A big-screen TV on the wall played Good Morning America, a show I haven't glanced at since the 1980s. Celebrity gossip, with constant commercials and shallow news on the side, and everyone's required to be glib and toothy. GMA was vapid 30 years ago, but it's gotten worse, lots worse (as has much of American media, in my cranky-old-man opinion). The sound was muted but closed-captions were on, and my IQ wasn't very high when I sat down but it lowered every time I glanced at the screen.

I looked around the bar again. At a corner table, a man and a woman ate breakfast and drank beer and never said a word to each other. At a different table, an old man wouldn't stop talking, full volume, about how he'd righteously banged Sandra Bullock before she was famous; I'll wager all my 2019 wages he's never even met Ms Bullock. Several customers spoke fluent Republican Dumbass — "Build the wall," "Keep the Mexicans out," and that's when I noticed that everyone in the place was white. 

Conversation was coming from every direction, and I'd stupidly sat at the geographic center of the room, so everyone's words bounced off the walls and back to my ears. Too many words. Too many people. And every ten or fifteen seconds, from somewhere in the bar, pffft — the sound of another can of beer being opened.

Bud Light. Busch. Bud Light. Pabst Blue Ribbon. Coors. Bud Light. Me? Yeah, I'd like more coffee, please.

Soon, almost all the empty stools between me and the buddies at the counter had been taken, as more and more buddies came in, clapping each other on the back and sitting nearer and nearer to my stool. When still more of the breakfast beer-buddies came in, several of them left the counter together, taking their food and beer and resettling at tables. Probably I'm the one who should've offered to relocate, but bite me, I was in the middle of my meal.

And I must admit, breakfast was pretty dang good. Might've been the best French toast I've ever had. The coffee was hot, the service was OK, the prices were reasonable, and there's no way in hell that I'm ever coming back to that bar.

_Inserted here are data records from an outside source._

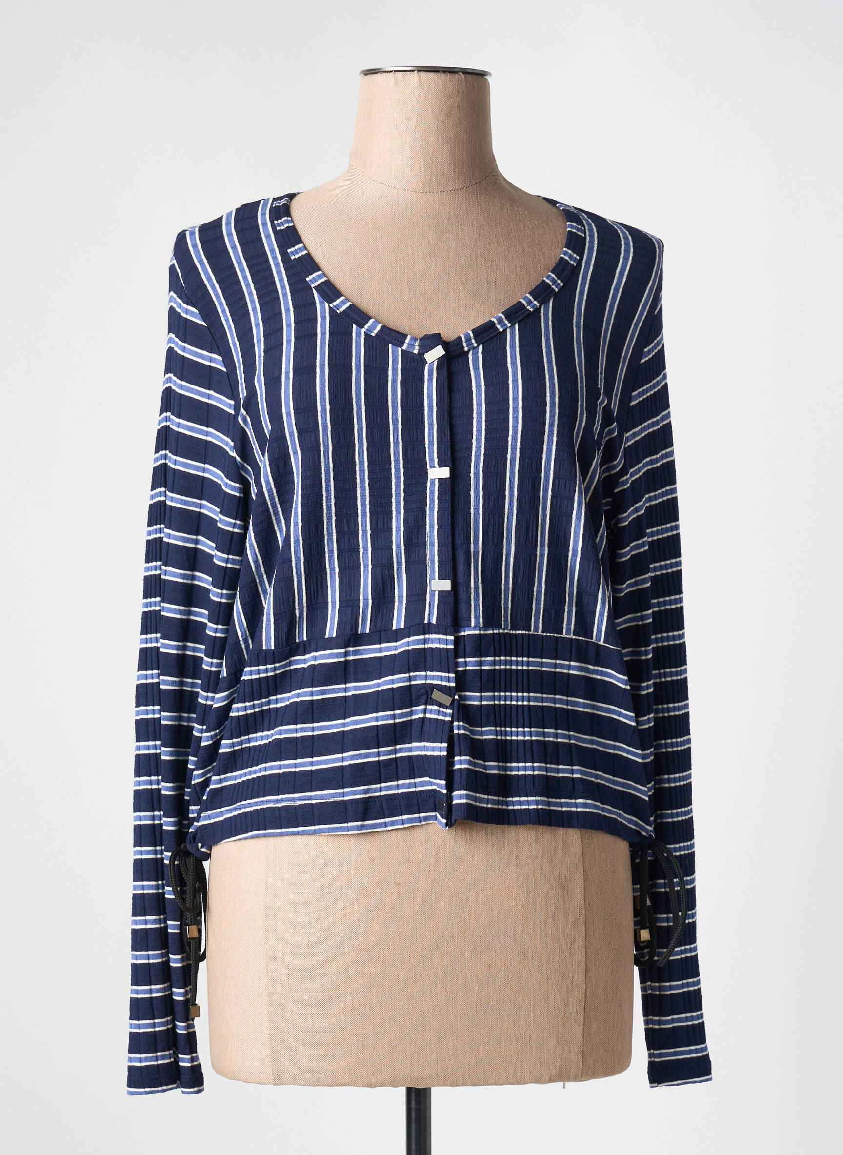 Craquez pour cette veste casual 3322 pour femme, une pièce ultra tendance à petit prix, parfaite pour celles qui veulent renouveler leur dressing sans se ruiner. Son design à rayures verticales et horizontales dans des tons bleus et blancs lui apporte une touche moderne et décontractée, idéale pour sublimer vos tenues du quotidien tout en réalisant une vraie économie sur cet indispensable de la mi-saison.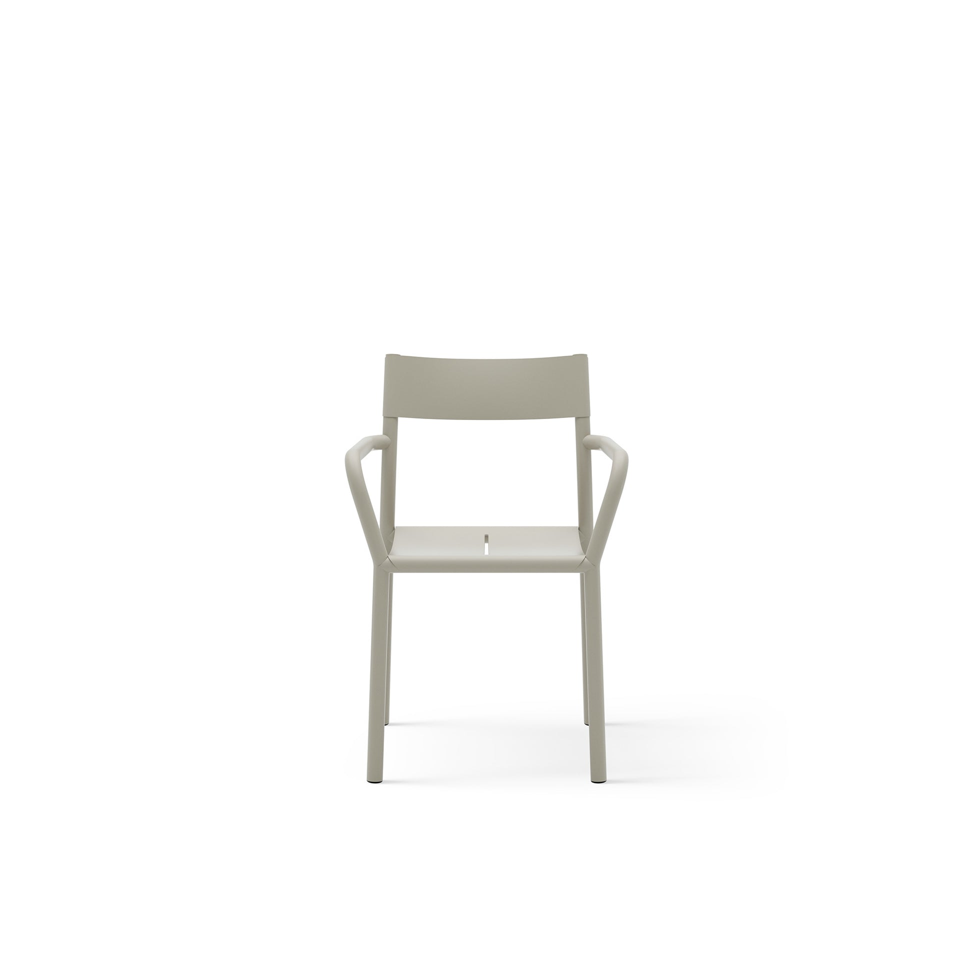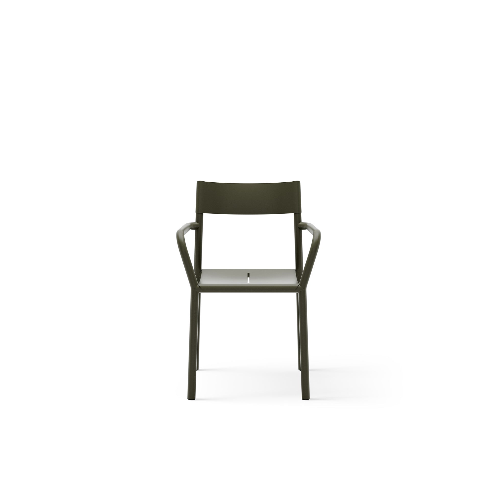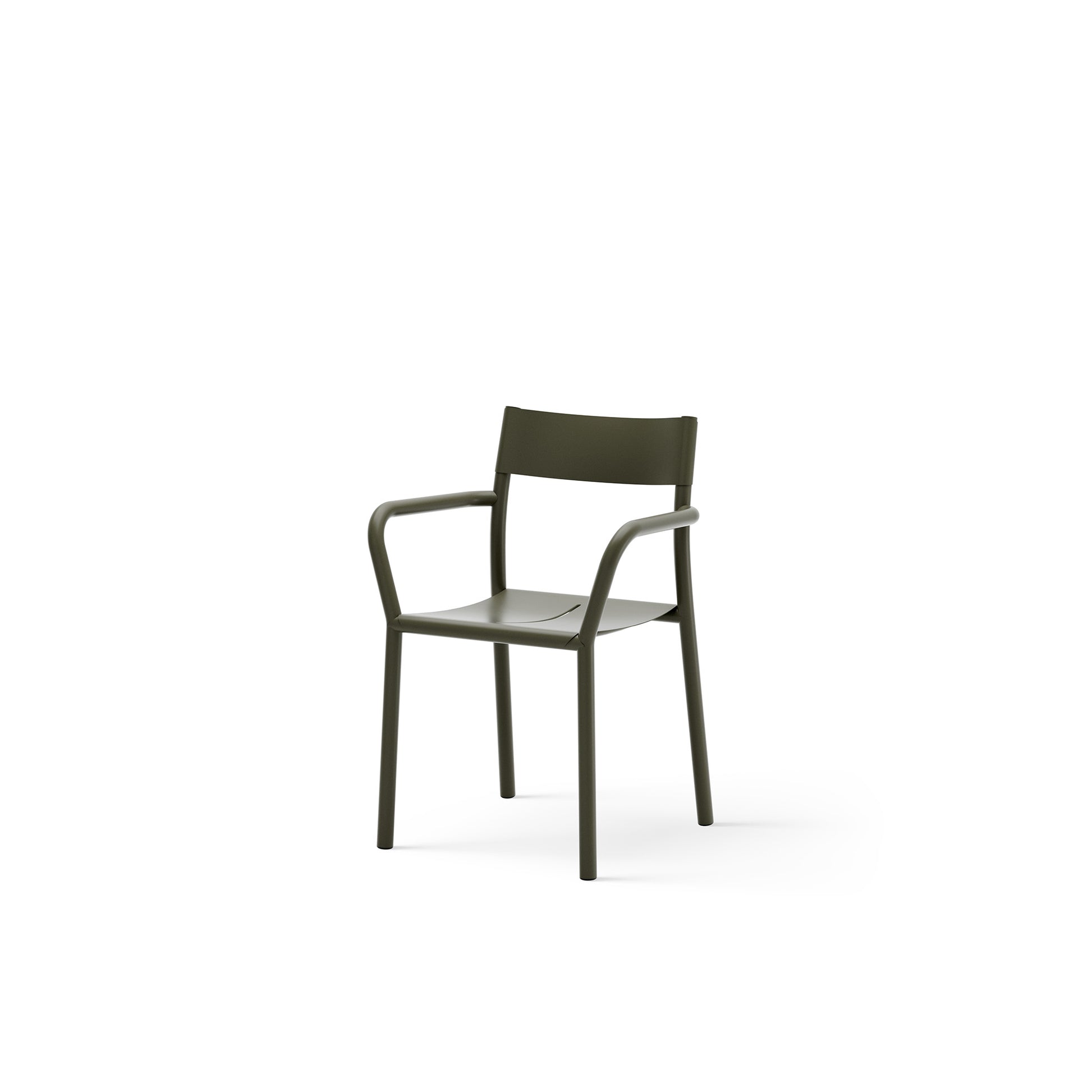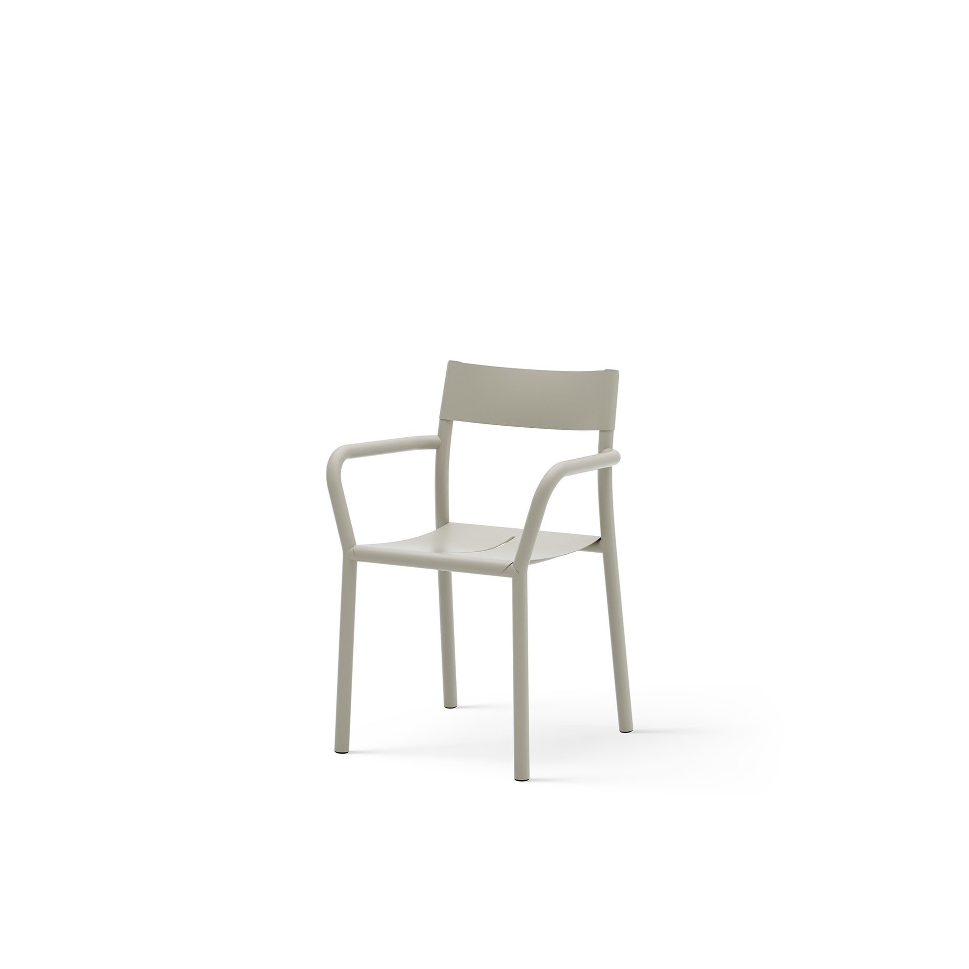 Made from powder coated steel, this hard-wearing furniture family consists of stackable chairs with and without armrests and tables in two lengths, harmoniously coordinated to complement each other.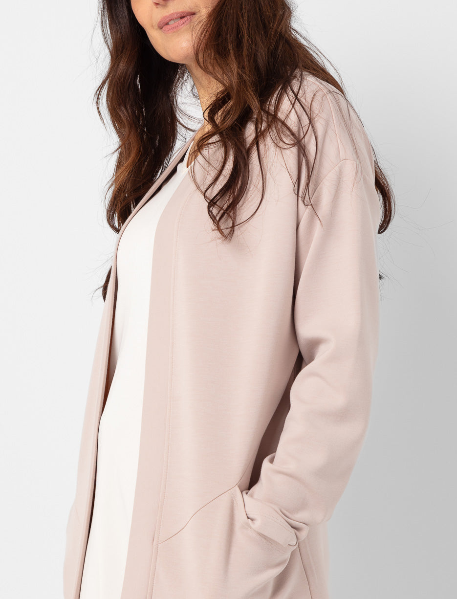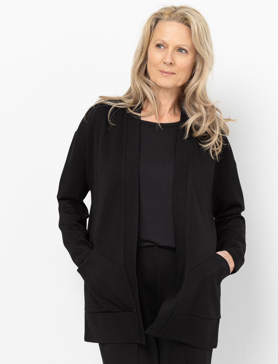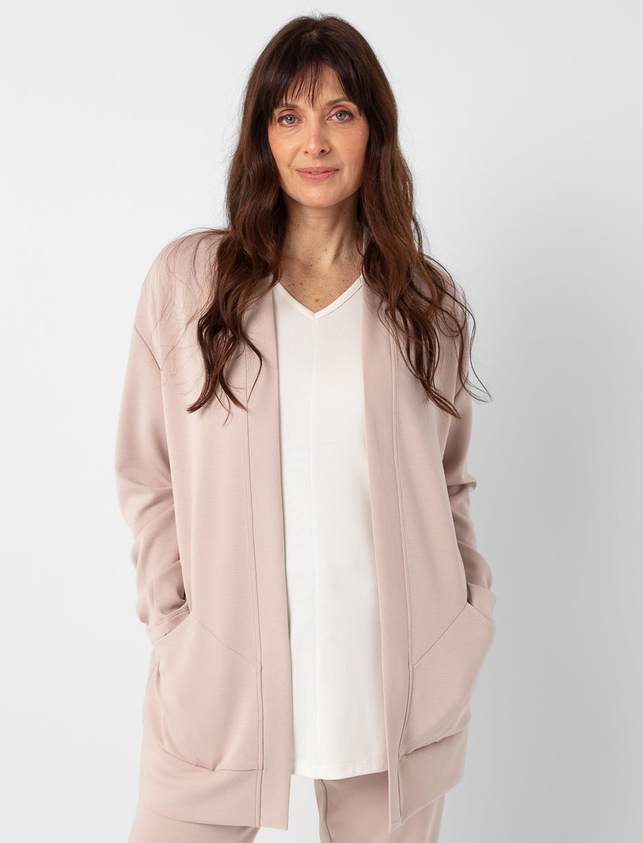 Ce cardigan en tissu scuba offre douceur, maintien et confort au quotidien. Sa texture souple garde une belle forme tout en vous permettant de bouger librement, pour un style soigné et facile à agencer.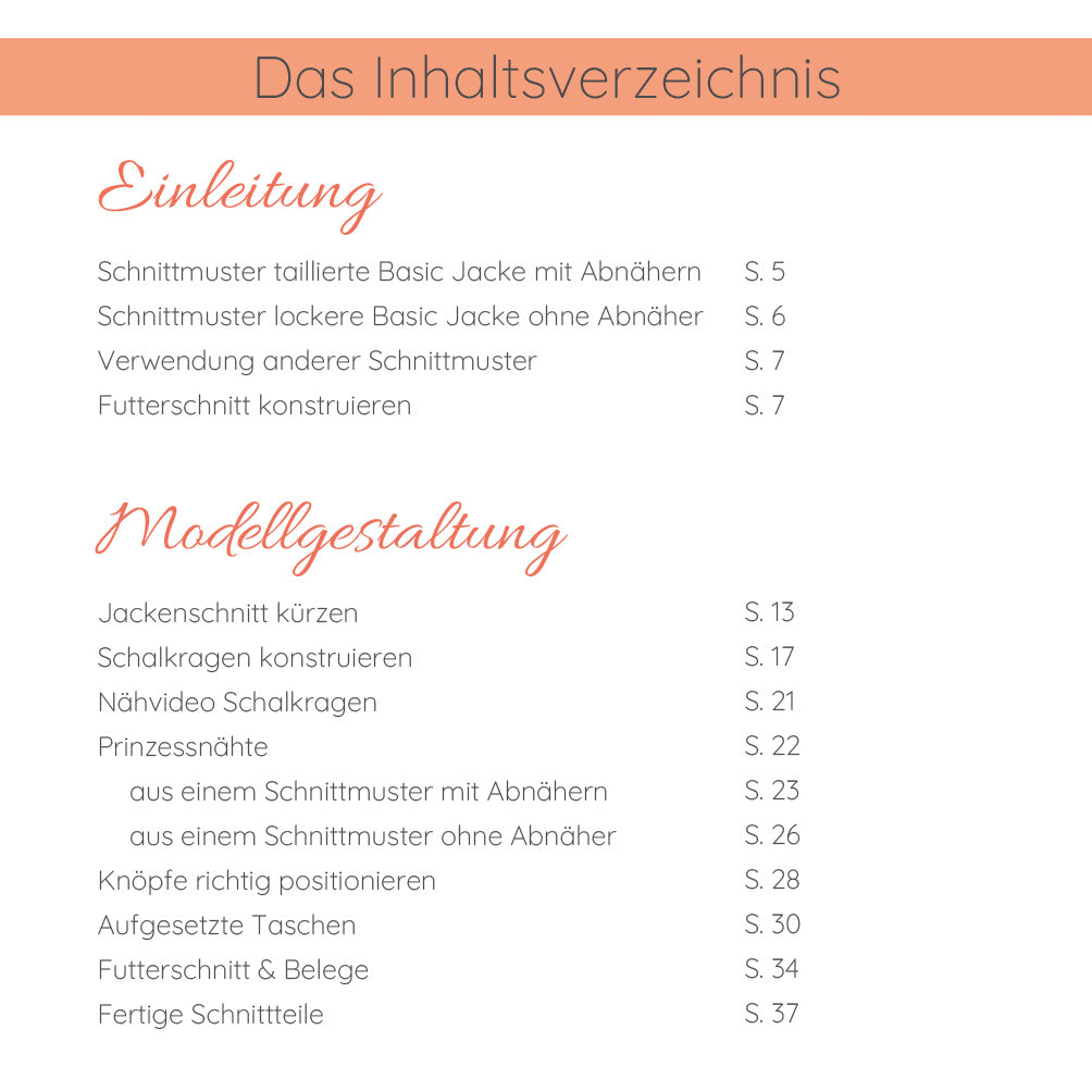 Alle enthaltenen Anleitungen kannst du auf meine Schnittmuster "Taillierte Basic Jacke mit Abnähern", "Lockere Basic Jacke ohne Abnäher" und sogar auf das "Basic Dress" anwenden (Basic Schnittmuster sind nicht im eBook enthalten).

It was loud, like any boisterous tavern in a movie, and it made me uncomfortable. Not fearing for my safety — it wasn't that kind of rowdy — but I prefer to quietly eat my eggs in a place that's, well, quiet. In a word, this place was nuts. Too many extroverts and alcoholics, too much beer at the crack of dawn, and like more and more of America these days, too many idiots. Damned good French toast, though.